Material provided:
--

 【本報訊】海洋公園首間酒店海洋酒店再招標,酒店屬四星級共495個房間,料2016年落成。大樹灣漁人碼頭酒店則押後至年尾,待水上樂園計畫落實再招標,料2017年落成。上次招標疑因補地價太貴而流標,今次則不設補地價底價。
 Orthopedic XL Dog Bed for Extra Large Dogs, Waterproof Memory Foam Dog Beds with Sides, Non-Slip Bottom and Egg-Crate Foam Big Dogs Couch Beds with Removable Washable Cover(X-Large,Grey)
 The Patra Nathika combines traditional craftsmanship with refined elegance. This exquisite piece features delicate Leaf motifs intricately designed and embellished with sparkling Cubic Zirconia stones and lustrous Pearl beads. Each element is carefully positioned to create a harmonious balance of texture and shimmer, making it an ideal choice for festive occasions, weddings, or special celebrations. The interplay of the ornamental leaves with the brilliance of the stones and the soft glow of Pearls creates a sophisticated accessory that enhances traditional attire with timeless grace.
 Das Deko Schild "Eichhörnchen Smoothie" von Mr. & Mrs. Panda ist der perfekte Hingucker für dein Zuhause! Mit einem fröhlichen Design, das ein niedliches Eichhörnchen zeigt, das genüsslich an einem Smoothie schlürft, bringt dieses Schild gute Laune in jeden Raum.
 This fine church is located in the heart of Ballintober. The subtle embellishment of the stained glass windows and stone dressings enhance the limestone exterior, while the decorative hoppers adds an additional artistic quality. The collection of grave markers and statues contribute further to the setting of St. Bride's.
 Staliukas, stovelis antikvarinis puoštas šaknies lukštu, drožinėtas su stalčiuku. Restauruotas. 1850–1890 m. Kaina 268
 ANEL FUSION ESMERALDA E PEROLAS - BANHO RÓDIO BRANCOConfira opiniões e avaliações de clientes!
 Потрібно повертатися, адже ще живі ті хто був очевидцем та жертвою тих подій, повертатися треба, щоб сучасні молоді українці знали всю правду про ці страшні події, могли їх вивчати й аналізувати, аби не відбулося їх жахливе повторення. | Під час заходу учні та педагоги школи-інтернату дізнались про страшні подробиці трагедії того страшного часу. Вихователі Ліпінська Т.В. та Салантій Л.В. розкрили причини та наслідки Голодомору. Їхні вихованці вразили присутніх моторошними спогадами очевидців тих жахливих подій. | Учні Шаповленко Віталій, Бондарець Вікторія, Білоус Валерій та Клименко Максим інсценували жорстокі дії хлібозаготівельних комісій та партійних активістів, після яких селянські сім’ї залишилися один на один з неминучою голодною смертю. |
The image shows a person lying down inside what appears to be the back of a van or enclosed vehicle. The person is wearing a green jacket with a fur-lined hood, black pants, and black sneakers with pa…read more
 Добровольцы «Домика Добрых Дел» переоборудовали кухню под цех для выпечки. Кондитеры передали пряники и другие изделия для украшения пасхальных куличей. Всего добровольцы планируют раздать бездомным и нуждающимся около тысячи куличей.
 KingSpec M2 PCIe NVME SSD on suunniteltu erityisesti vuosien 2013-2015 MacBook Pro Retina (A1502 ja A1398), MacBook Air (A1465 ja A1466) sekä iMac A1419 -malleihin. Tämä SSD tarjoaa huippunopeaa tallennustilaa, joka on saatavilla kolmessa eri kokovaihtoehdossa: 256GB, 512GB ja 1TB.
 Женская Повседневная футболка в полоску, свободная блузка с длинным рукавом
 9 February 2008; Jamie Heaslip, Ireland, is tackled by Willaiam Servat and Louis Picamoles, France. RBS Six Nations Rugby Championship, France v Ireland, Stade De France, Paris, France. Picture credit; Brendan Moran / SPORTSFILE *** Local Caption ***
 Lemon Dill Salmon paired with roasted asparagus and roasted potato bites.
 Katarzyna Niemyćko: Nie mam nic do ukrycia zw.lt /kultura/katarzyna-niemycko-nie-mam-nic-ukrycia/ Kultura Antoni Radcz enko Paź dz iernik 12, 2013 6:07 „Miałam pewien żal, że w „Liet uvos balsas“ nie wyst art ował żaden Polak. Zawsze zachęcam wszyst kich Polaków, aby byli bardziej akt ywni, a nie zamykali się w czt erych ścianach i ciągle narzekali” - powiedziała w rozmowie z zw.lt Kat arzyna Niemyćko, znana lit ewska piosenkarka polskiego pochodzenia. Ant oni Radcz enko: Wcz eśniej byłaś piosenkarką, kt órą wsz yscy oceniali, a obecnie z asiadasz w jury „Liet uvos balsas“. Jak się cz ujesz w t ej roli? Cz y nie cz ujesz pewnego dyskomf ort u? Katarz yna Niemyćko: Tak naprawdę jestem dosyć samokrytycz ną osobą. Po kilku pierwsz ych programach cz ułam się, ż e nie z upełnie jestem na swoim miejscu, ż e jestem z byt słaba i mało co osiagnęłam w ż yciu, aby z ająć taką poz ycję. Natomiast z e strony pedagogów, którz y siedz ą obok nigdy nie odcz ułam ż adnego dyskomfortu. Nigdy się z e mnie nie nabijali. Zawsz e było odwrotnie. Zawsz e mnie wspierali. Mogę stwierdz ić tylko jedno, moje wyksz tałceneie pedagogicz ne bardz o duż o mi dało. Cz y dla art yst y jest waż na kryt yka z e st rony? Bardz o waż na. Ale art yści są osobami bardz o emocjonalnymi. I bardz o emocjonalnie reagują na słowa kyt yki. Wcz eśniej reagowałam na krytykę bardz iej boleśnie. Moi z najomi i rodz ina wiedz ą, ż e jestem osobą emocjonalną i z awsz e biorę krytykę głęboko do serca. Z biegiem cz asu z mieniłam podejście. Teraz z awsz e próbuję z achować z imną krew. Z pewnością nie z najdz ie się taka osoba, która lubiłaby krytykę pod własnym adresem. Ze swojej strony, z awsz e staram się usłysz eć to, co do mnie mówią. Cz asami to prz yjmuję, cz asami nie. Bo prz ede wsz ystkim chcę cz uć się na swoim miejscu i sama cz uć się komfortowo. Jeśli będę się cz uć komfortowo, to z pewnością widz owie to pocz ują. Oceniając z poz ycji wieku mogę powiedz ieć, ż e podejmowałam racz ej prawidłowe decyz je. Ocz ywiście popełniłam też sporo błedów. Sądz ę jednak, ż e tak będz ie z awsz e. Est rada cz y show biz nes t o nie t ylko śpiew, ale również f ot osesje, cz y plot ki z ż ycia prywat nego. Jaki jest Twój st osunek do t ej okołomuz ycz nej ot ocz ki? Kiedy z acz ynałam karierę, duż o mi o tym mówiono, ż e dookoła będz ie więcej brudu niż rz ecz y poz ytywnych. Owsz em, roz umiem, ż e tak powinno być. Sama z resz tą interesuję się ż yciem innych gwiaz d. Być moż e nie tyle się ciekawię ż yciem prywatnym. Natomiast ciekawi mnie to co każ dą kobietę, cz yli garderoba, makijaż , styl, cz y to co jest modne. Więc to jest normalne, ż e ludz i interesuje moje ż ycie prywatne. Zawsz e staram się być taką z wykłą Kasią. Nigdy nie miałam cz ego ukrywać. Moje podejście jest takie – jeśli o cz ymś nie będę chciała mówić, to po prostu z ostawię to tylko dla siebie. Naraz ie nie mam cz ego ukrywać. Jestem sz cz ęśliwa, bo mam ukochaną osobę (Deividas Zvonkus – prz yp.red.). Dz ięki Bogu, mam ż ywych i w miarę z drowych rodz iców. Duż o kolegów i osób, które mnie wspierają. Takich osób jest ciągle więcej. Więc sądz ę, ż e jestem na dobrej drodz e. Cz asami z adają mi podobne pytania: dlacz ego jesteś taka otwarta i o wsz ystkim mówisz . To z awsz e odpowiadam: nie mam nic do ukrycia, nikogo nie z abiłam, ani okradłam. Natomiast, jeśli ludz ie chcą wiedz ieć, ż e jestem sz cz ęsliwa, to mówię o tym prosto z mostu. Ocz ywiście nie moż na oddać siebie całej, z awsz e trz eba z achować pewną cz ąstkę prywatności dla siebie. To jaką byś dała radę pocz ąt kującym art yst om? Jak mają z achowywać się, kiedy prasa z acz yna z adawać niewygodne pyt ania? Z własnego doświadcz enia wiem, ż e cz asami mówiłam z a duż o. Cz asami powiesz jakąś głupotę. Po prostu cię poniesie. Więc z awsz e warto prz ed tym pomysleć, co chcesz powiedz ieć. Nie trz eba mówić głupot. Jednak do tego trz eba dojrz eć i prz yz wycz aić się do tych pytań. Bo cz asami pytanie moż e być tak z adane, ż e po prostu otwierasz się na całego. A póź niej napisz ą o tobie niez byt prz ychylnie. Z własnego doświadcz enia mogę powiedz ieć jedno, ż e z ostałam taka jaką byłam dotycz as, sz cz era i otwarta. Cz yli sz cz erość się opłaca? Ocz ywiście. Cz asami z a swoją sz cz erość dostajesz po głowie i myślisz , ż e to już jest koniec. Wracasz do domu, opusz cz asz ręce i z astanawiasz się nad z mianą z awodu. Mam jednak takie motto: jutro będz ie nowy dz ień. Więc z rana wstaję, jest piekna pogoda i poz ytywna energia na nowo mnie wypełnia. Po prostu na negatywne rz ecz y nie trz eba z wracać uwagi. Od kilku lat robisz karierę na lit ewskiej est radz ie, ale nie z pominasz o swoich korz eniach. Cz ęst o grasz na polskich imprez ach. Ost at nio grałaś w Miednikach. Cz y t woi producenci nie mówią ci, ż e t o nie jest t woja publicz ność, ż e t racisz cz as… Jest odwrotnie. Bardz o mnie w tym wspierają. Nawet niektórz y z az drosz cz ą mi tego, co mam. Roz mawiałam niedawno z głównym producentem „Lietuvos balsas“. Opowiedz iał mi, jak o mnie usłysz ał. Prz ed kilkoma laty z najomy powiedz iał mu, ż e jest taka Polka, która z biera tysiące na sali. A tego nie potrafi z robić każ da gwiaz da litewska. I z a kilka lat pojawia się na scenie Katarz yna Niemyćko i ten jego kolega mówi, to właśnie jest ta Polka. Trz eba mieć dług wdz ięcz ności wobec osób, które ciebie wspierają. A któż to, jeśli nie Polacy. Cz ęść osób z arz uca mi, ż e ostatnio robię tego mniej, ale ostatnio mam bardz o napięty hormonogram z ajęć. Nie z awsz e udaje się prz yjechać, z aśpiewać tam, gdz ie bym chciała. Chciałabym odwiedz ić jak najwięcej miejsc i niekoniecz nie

--

Exercise instructions: In the entries above, restate word for word the lines between the one holding "Потрібно повертатися, адже" and the one holding "Lemon Dill Salmon", inclusive, and nothing besides.

Exercise answer:
 Потрібно повертатися, адже ще живі ті хто був очевидцем та жертвою тих подій, повертатися треба, щоб сучасні молоді українці знали всю правду про ці страшні події, могли їх вивчати й аналізувати, аби не відбулося їх жахливе повторення. | Під час заходу учні та педагоги школи-інтернату дізнались про страшні подробиці трагедії того страшного часу. Вихователі Ліпінська Т.В. та Салантій Л.В. розкрили причини та наслідки Голодомору. Їхні вихованці вразили присутніх моторошними спогадами очевидців тих жахливих подій. | Учні Шаповленко Віталій, Бондарець Вікторія, Білоус Валерій та Клименко Максим інсценували жорстокі дії хлібозаготівельних комісій та партійних активістів, після яких селянські сім’ї залишилися один на один з неминучою голодною смертю. |
The image shows a person lying down inside what appears to be the back of a van or enclosed vehicle. The person is wearing a green jacket with a fur-lined hood, black pants, and black sneakers with pa…read more
 Добровольцы «Домика Добрых Дел» переоборудовали кухню под цех для выпечки. Кондитеры передали пряники и другие изделия для украшения пасхальных куличей. Всего добровольцы планируют раздать бездомным и нуждающимся около тысячи куличей.
 KingSpec M2 PCIe NVME SSD on suunniteltu erityisesti vuosien 2013-2015 MacBook Pro Retina (A1502 ja A1398), MacBook Air (A1465 ja A1466) sekä iMac A1419 -malleihin. Tämä SSD tarjoaa huippunopeaa tallennustilaa, joka on saatavilla kolmessa eri kokovaihtoehdossa: 256GB, 512GB ja 1TB.
 Женская Повседневная футболка в полоску, свободная блузка с длинным рукавом
 9 February 2008; Jamie Heaslip, Ireland, is tackled by Willaiam Servat and Louis Picamoles, France. RBS Six Nations Rugby Championship, France v Ireland, Stade De France, Paris, France. Picture credit; Brendan Moran / SPORTSFILE *** Local Caption ***
 Lemon Dill Salmon paired with roasted asparagus and roasted potato bites.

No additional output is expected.